Answer (c) — incorrect: This method of confounding control is called matching. While it is a method to control confounding at the design stage, there is another answer choice that is also a method to control for confounding at the design stage.
Answer (d) — incorrect: Stratified analysis is not a method to control confounding at the design stage.
Answer (e) — correct: Restriction and matching are two methods to control for confounding at the design stage. With restriction, entrance into the study is determined by whether the subject falls into a pre-determined category of the potential confounder. With matching, study subjects are selected so that the potential confounder is distributed identically across the comparison groups (Aschengrau & Seage, pp. 294-297).

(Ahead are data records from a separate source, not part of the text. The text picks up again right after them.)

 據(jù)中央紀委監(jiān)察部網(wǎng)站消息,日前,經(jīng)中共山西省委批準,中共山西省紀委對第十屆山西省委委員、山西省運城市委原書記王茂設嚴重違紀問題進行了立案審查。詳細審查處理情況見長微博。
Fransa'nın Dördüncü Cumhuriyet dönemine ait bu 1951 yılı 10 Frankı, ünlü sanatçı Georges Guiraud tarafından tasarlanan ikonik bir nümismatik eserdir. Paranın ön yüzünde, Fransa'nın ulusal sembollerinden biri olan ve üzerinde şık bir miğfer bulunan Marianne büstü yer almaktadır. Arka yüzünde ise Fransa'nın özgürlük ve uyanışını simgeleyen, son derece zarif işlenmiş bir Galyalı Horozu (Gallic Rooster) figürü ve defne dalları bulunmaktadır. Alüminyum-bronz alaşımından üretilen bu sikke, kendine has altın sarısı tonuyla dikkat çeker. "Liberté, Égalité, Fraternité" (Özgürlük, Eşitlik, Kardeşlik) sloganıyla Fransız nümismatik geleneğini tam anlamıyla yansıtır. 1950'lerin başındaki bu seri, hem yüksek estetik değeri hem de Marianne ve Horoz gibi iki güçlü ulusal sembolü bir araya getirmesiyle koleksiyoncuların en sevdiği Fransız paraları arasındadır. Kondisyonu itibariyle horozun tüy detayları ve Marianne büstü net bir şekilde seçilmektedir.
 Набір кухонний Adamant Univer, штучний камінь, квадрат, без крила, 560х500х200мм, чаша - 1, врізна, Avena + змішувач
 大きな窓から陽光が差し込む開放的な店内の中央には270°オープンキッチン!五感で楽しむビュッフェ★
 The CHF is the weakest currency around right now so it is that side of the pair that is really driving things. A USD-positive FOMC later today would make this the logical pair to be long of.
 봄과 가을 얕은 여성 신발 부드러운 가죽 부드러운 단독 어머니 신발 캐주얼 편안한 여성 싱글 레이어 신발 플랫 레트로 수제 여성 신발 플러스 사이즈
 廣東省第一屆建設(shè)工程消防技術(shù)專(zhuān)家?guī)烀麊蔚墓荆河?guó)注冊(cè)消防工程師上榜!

9. Teitelbaum et al. (2007) matched cases to controls on age. A more recent study, Itoh et al., (2008), also examined the association between pesticides and breast cancer and matched cases to controls on both age and geographic location. Which study was better at controlling for confounding in the design phase of the study?

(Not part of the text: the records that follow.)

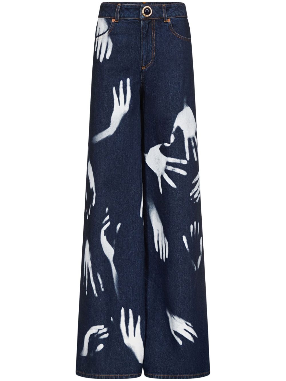 Hand-print wide-leg jeans Highlights - Navy blue - Cotton - Dark wash - All-over graphic print - Wide leg - Concealed fly and button fastening - Belt loops - Gemstone detailing - Two side patch pockets - Decorative stitching - Two rear patch pockets Made in Italy Composition Cotton 100%
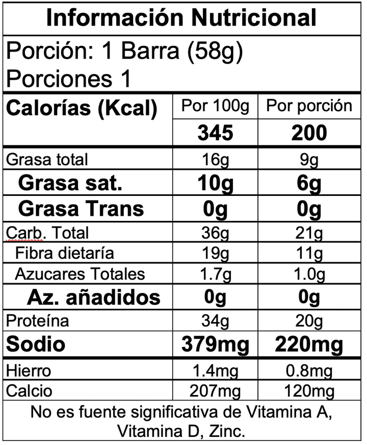Mezcla de proteína (proteína de suero aislada, proteína de leche aislada), Polidextrosa (fibra prebiótica), Aceite de Semilla de palma, agua, estevia (edulcorante), Glicerina, almendras, Caseinato de Sodio, cacao en polvo, sabor natural Galleta (saborizante), Fibra soluble de Maíz (fibra prebiótica), pasta de cacao, chocolate amargo, Sal, Lecitina (Girasol y/o soya), Leche descremada, Sucralosa (edulcorante), bicarbonato de sodio (leudante), goma xantana (gelificante), Canela, estevia (edulcorante).
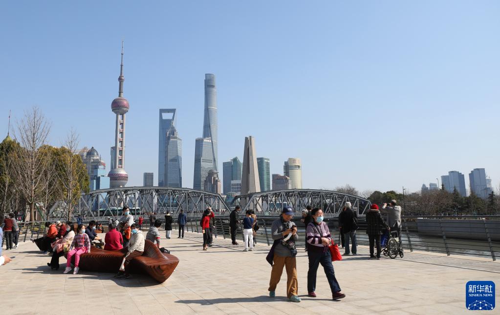 人们在上海苏州河边漫步休闲(2021年2月21日摄)。
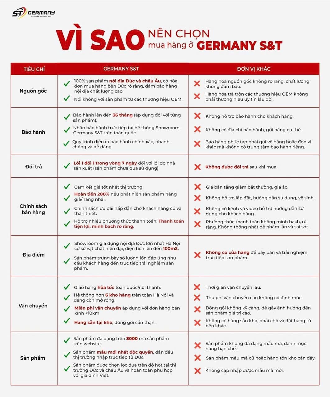 Hoặc Quý khách có thể đến trải nghiệm trực tiếp sản phẩm tại hệ thống showroom của Germany S&T trên toàn quốc.
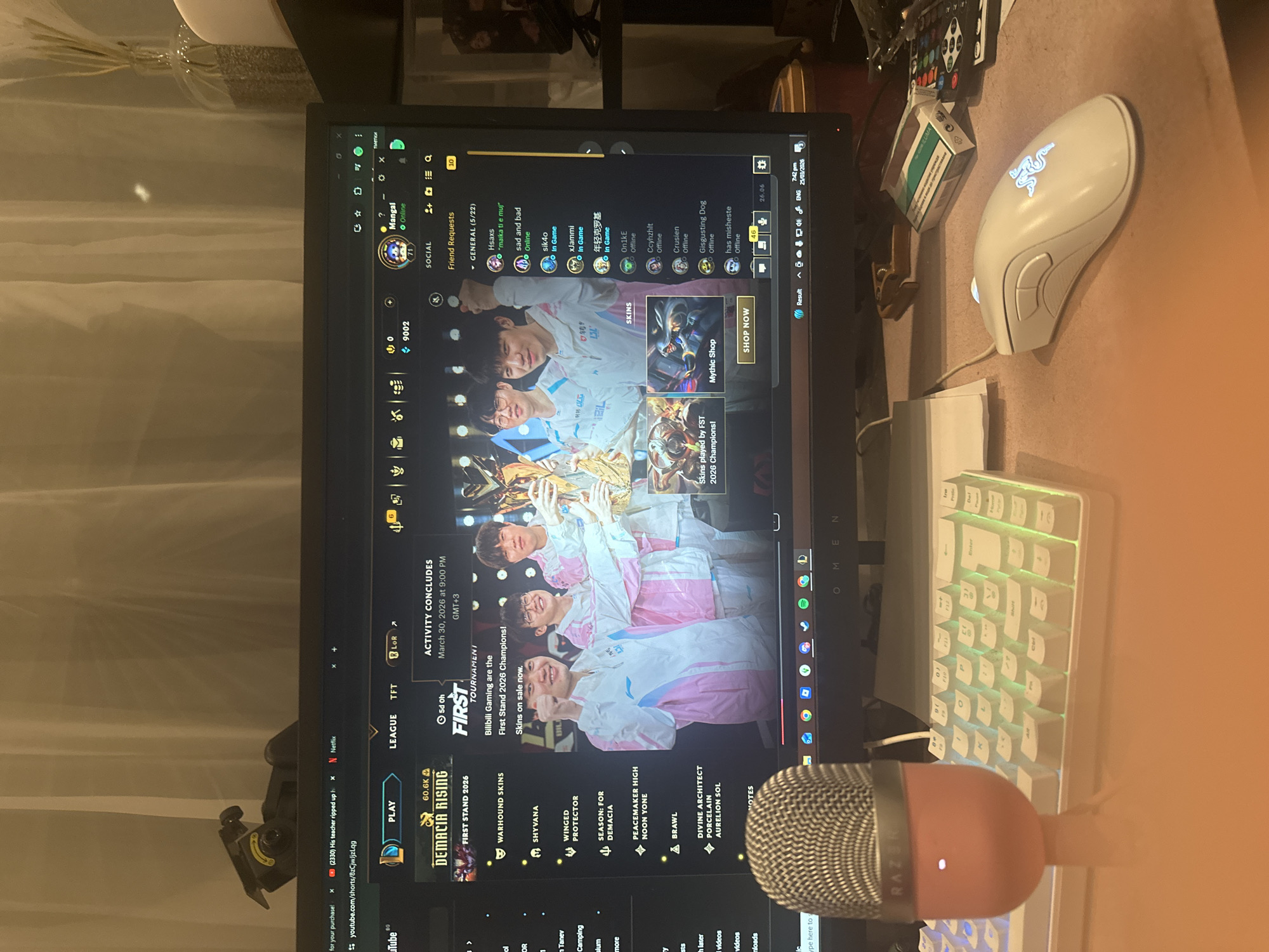 The image displays an indoor desk setup, primarily focused on a computer monitor and peripheral devices, suggesting a personal gaming or computer workstation. The ambient lighting is dim. The central subject is a black OMEN-branded computer monitor, displaying the League of Legends client. The client shows a featured advertisement for the "FIRST STAND 2026 Tournament," declaring "Bilibili Gaming are the First Stand 2026 Champions!" and featuring four young East Asian males, two holding a large golden trophy, all wearing athletic jackets. The left panel of the client lists various game content and modes, including "DEMACIA RISING" and "WARHOUND SKINS." The right side of the client shows a social panel with a friend list, where one user named "Mangal" is online, and another, "Hsaxs," has a status message containing the Bulgarian phrase "maika ti e muj." The taskbar at the bottom right of the monitor shows the time as "7:42 PM" on "25/03/2026," with "ENG" for English input. Browser tabs are visible above the client, one open to YouTube with a title including "(2330) His teacher ripped up !". A black webcam or similar device is clipped to the top center of the monitor. On the desk surface in the foreground, from left to right: a light pink/peach Razer Seiren Mini microphone with an illuminated indicator light; a white mechanical keyboard with green RGB backlighting; and a white Razer DeathAdder V2 Pro wireless gaming mouse with an illuminated Razer logo. Behind the mouse, a white and green pack of "L&M" brand cigarettes is present. To the right of the cigarettes is a multi-colored remote control. A loose sheet of white paper lies to the left of the keyboard. In the background, behind the monitor, light-colored, sheer curtains are visible. To the right, a dark shelf unit holds a clear glass vase containing dried ornamental reeds and a white, possibly ceramic, object. The time and date displayed (25/03/2026 7:42 PM), coupled with the League of Legends client's "GMT+3" notation for an activity ending on March 30, 2026, and the presence of a Bulgarian phrase in the social panel, are consistent with a location in Varna, Bulgaria, which observes GMT+2 or GMT+3 during Daylight Saving Time, typically starting in late March.

  1. Teitelbaum et al.'s 2007 study was better because it is best to match cases to controls on as few factors as possible.
  2. Itoh et al.'s study was better because it is best to match cases to controls on as many factors as possible.
  3. It is not possible to determine whether one study is better than the other at controlling confounding by the number of factors matched.
Answer (a) — incorrect: Although it is not good to match controls to cases on too many factors, matching on fewer factors in itself does not guarantee that confounding is accurately controlled. It is best to match on the minimally necessary number of factors. However, matching on as few factors as possible may miss important sources of confounding that could be controlled in the design stage.
Answer (b) — incorrect: Matching on as many factors as possible is not a good strategy. It may be difficult and expensive to find controls for each case. It is not possible to determine which study was better at controlling for confounding by looking at the number of matched factors.
Answer (c) — correct: What should be of foremost importance when controlling confounding is that the variables are (1) confounders based on your theory of the exposure-disease relation, (2) meet the necessary conditions to be a confounder, (3) were measured properly and, (4) their effects were removed at the analysis stage. The reason Itoh et al. (2008) matched cases to controls on geographic location is because their source population for this study was very large and there were reasons to believe that background rates of breast cancer differed by geographical area. Teitelbaum et al.'s geographical area was limited to Nassau and Suffolk counties only.


Discussion Questions

Carefully consider the following questions. Write down your answers (1 - 2 paragraphs) for question # 1 within a word document and submit your answers to your seminar leader. Be prepared to discuss all questions during the seminar section.

  1. Which study design offers the best opportunity to control for confounding -- randomized clinical trial, cohort study, or case-control study? Explain your reasoning and make examples to prove your point.
  2. Suppose that in the study of pesticide use and breast cancer you wanted to evaluate the hypothesis that pesticide use varies by geographic area. Would you match on geographic area? Please, explain your answer.
  3. A principle of case-control studies is that controls should be selected independently of exposure status. Under what circumstances would matching violate this principle? What can be done about this type of violation?

Questions for the Intellectually Curious:

Why is it important to distinguish between "confounding" and "confounders"? What does a 95% confidence interval assume about the presence of bias and confounding?